Good and goods

In una voce della “Encyclopedia of philosophy” della Stanford University – intitolata “The Economic Analysis of Law” – mi sono imbattuta in questa domanda: come può qualcosa essere un bene per noi (come collettività) senza essere un bene per ciascuno di noi in particolare?
Si parla della teoria dei “beni” comuni tra cui alcuni annoverano ad esempio l’uguaglianza: una società con una sostanziale uguaglianza di benessere sarà migliore di una società in cui vi siano livelli di vita degli individui profondamente differenti.
Ok. Ma portando agli estremi questo ragionamento, si potrebbe anche dire che si “sta meglio” in un sistema dittatoriale, anche se la storia ha più volte dimostrato che una società libera è sempre meglio di un regime.

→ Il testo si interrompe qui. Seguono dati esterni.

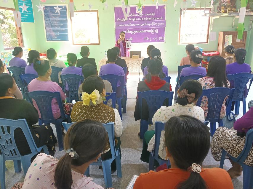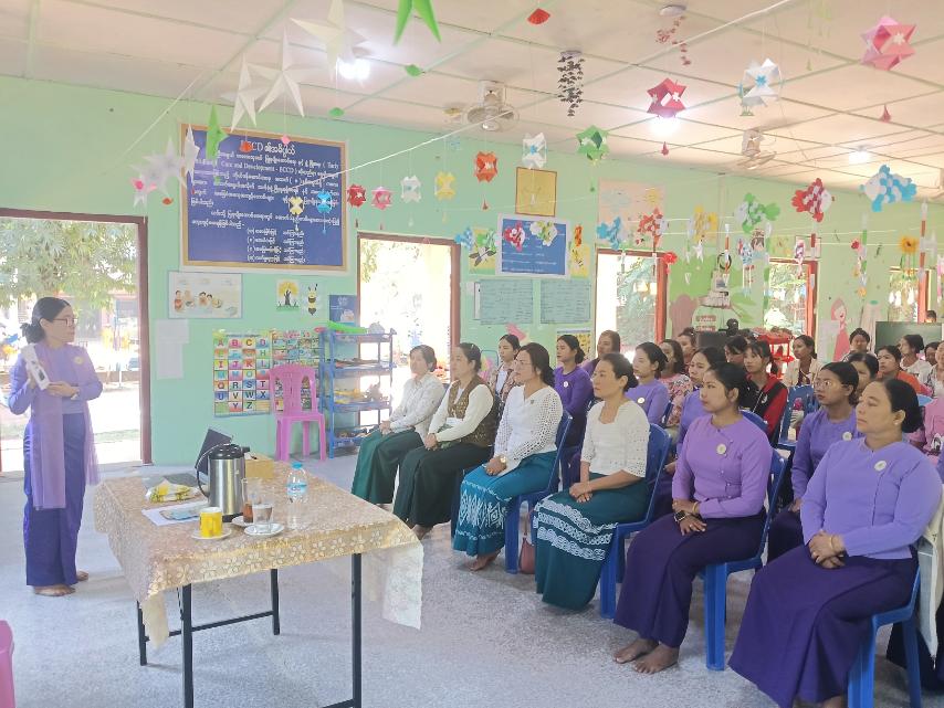 အဆိုပါအခမ်းအနားတွင် မိခင်နှင့်ကလေးစောင့်ရှောက်ရေးအသင်းဥက္ကဋ္ဌ ဒေါ်ငယ်ငယ်အောင်က ကလေးအလုပ်သမား၏ အဓိပ္ပာယ်၊ အလုပ်လုပ်နိုင်သည့် ကလေးသူငယ်၏ အသက်အရွယ် အပိုင်းအခြားနှင့်ပတ်သက်ပြီး ပြဌာန်းထားရှိသည့် ဥပဒေများ၊ ရပိုင်ခွင့်များ၊ ကလေးအလုပ်သမားပပျောက်ရေးဆိုင်ရာ အသိပညာပေးအဖြစ် အရွယ်မတိုင်မီ ကလေးအလုပ်သမားဘဝသို့ မရောက်စေရန် မိဘများမှ သတိထားရမည့်အချက်များ၊ ကျောင်းနေအရွယ်တွင် ပညာရေးကို ဦးစားပေးသင့်ကြောင်း၊ မိဘနှင့် သားသမီးဆက်ဆံရေးတွင် သိရှိသင့်သည့် အကြောင်းအရာများ၊ လမ်းမှန်ပေါ်ရောက်ရှိစေရန် ထိန်းကျောင်းပေးရမည့် အချက်များကို ရှင်းလင်းဆွေးနွေးခဲ့သည်။ ထို့နောက် မူလတန်းကြိုကျောင်းမှ သားငယ်၊ သမီးငယ်များ၏ မိဘအုပ်ထိန်းသူများအား အသိပညာဗဟုသုတရရှိစေရန်အတွက် ကလေးအလုပ်သမားပပျောက်ရေး အသိပညာပေးလက်ကမ်းစာစောင်များ ဖြန့်ဝေပေးခဲ့သည်။

Superando la prospettiva strettamente economica – in cui è impressionante scoprire come anche l’ambito “freddo” dell’economia si scontri inevitabilmente con i problemi del bene, della libertà e della responsabilità – è evidente a tutti come in Italia, e in Europa, sia urgente trovare un’unità tra i “beni” in gioco.
Tutte giuste, o tutte sbagliate, le voci che si levano dalle varie parti? Sta di fatto che vi sono istanze di per  sacrosante (non tutte!) ma apparentemente incompatibili tra loro: rappresentanza e governabilità, autonomia nazionale e Unione Europea, tasse e consumi, giustizia e politica, Grecia e Germania, Berlusconi e moderati, tecnici e non tecnici… “Chi ci libererà da questa situazione mortale?”
Credo allora che possa essere interessante tenere presente la domanda iniziale, perché io cerco un bene per noi (tutti) che sia anche un bene per ciascuno di noi. Nella ingarbugliata situazione in cui ci troviamo, questa ricerca probabilmente richiederà sacrifici economici e non, la rinuncia a misure prestabilite, iniziative intelligenti di imprenditori, di politici e di santi.
Ma è la strada che, nel mio piccolo, mi sentirei di indicare a tutti.